Collected data entries
----

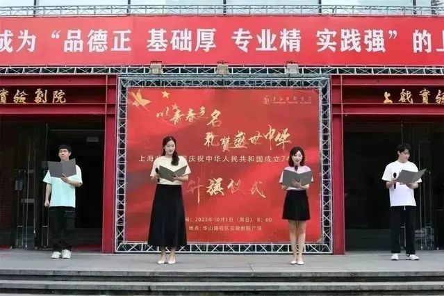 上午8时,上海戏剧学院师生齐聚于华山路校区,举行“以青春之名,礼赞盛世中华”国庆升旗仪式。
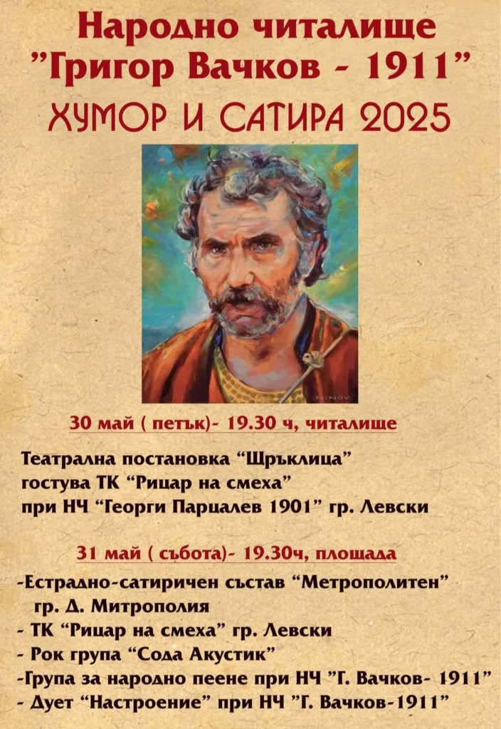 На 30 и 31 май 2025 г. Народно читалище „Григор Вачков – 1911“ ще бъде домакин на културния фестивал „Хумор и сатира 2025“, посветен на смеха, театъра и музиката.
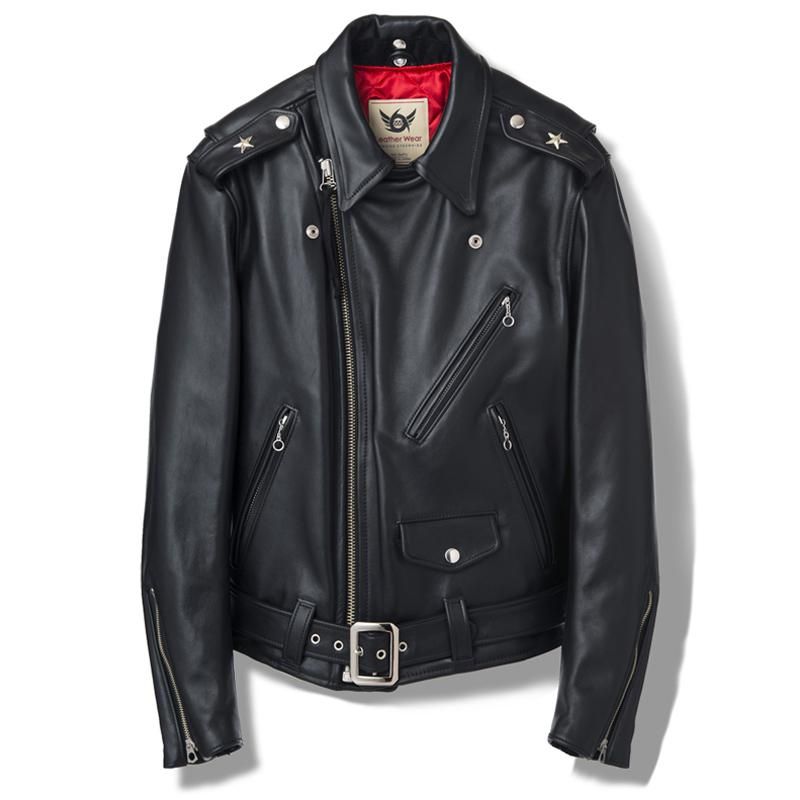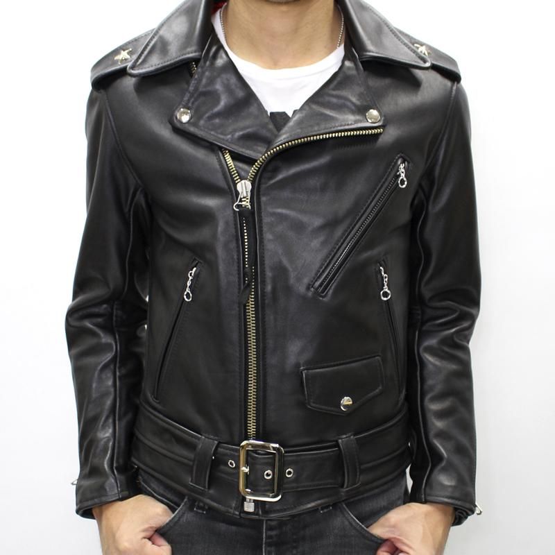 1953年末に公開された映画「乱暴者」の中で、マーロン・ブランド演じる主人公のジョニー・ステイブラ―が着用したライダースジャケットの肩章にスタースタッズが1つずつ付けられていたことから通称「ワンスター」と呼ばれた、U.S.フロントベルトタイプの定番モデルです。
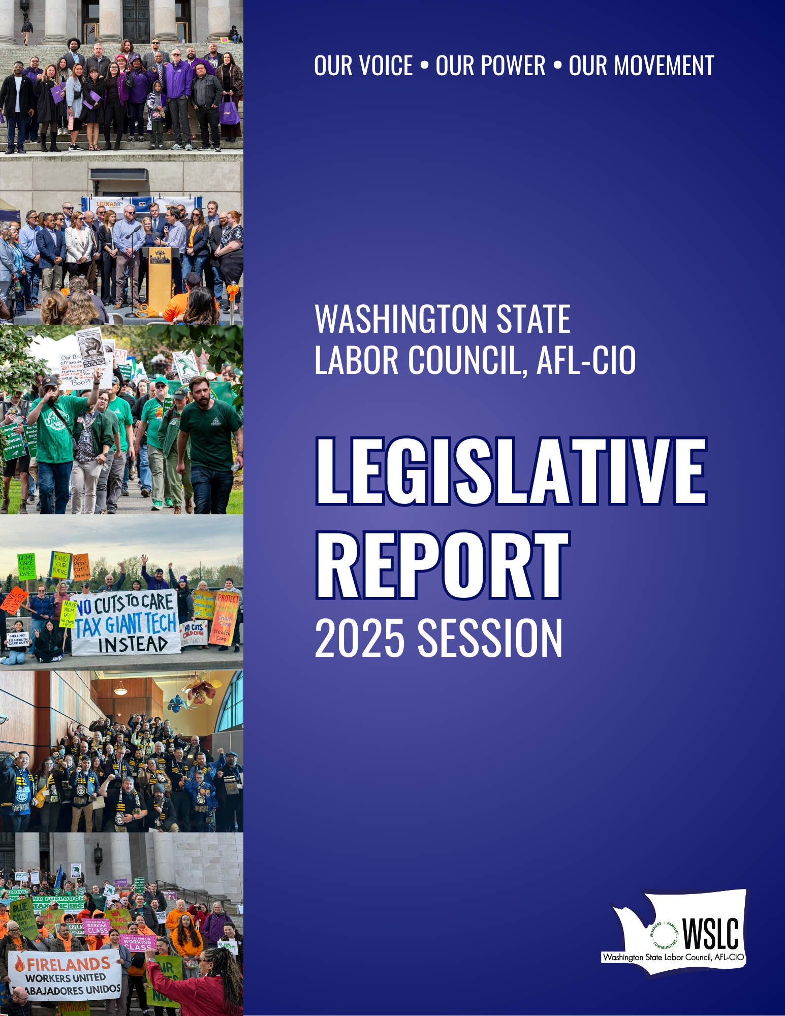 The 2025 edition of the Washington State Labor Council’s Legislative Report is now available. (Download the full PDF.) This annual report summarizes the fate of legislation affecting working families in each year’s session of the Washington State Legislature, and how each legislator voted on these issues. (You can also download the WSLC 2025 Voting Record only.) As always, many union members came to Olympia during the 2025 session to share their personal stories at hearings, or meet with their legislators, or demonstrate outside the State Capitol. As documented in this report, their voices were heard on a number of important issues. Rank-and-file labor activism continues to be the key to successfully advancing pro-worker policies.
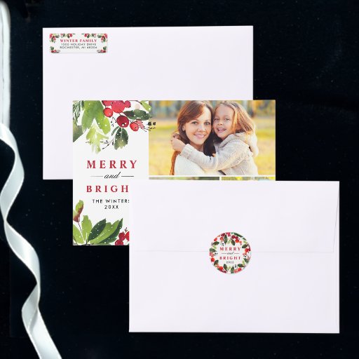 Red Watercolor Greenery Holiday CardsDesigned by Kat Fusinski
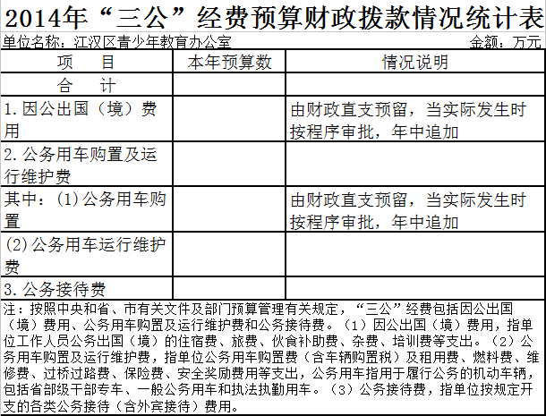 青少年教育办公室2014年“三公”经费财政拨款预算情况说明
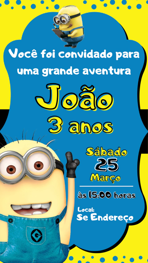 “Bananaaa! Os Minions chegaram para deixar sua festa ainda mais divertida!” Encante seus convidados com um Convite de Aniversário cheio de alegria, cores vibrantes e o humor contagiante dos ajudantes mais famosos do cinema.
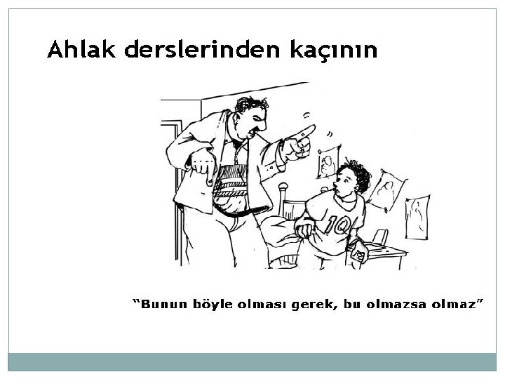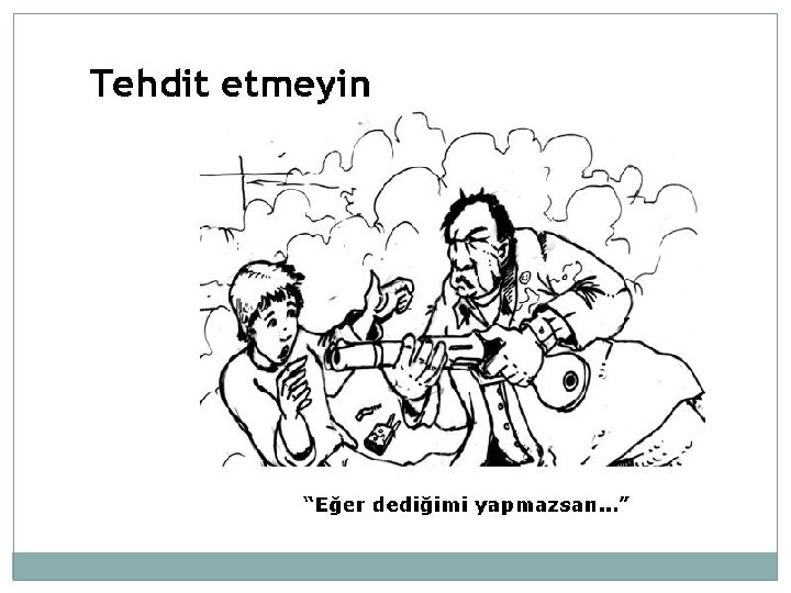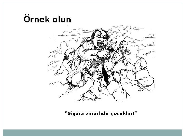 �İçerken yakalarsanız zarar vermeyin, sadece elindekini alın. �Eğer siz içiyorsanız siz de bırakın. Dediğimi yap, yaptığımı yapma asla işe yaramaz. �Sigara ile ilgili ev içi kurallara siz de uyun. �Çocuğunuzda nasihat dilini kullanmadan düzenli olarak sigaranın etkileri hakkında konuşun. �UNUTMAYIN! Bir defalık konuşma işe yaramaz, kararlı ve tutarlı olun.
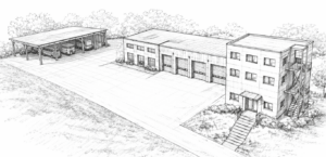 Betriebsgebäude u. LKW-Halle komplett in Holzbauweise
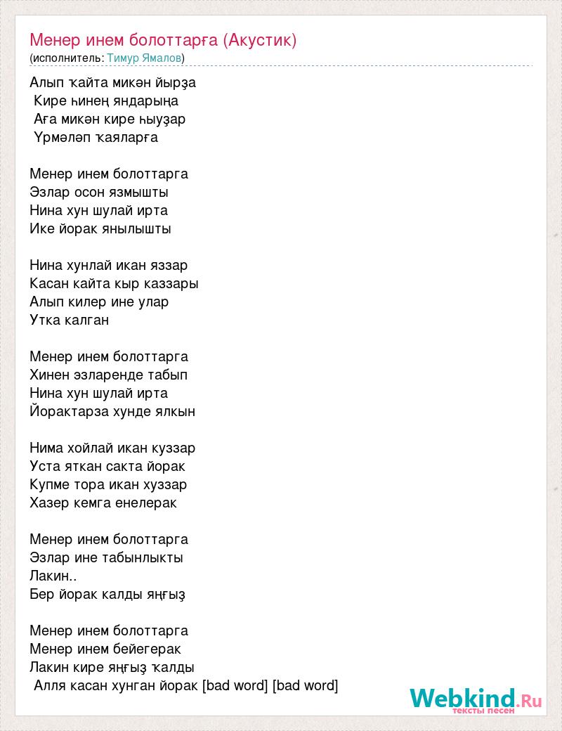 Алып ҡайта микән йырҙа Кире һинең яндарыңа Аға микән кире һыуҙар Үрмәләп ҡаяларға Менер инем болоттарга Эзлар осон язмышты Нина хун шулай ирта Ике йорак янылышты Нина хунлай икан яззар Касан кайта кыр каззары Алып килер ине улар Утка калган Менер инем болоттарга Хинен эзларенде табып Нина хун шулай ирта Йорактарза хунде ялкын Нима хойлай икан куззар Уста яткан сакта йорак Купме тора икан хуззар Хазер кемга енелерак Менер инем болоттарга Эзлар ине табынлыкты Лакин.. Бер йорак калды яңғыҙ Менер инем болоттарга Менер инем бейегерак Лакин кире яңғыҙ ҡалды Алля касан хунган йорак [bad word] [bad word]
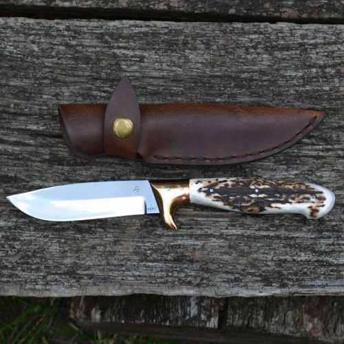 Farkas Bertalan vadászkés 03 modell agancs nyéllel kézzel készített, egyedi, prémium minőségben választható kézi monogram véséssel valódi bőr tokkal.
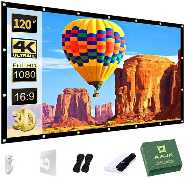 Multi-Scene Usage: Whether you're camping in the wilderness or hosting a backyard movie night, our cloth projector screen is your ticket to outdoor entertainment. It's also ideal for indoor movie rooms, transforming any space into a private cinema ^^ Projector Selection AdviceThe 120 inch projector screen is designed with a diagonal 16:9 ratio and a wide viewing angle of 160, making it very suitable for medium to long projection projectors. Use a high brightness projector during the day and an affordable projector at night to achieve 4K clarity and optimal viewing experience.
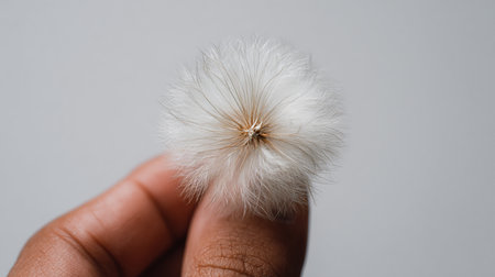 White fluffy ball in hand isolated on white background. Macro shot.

----

Transcribe the entries above exactly, from their first line through the line with "1953年末に公開された映画", and omit all pictures.

 上午8时,上海戏剧学院师生齐聚于华山路校区,举行“以青春之名,礼赞盛世中华”国庆升旗仪式。
 На 30 и 31 май 2025 г. Народно читалище „Григор Вачков – 1911“ ще бъде домакин на културния фестивал „Хумор и сатира 2025“, посветен на смеха, театъра и музиката.
 1953年末に公開された映画「乱暴者」の中で、マーロン・ブランド演じる主人公のジョニー・ステイブラ―が着用したライダースジャケットの肩章にスタースタッズが1つずつ付けられていたことから通称「ワンスター」と呼ばれた、U.S.フロントベルトタイプの定番モデルです。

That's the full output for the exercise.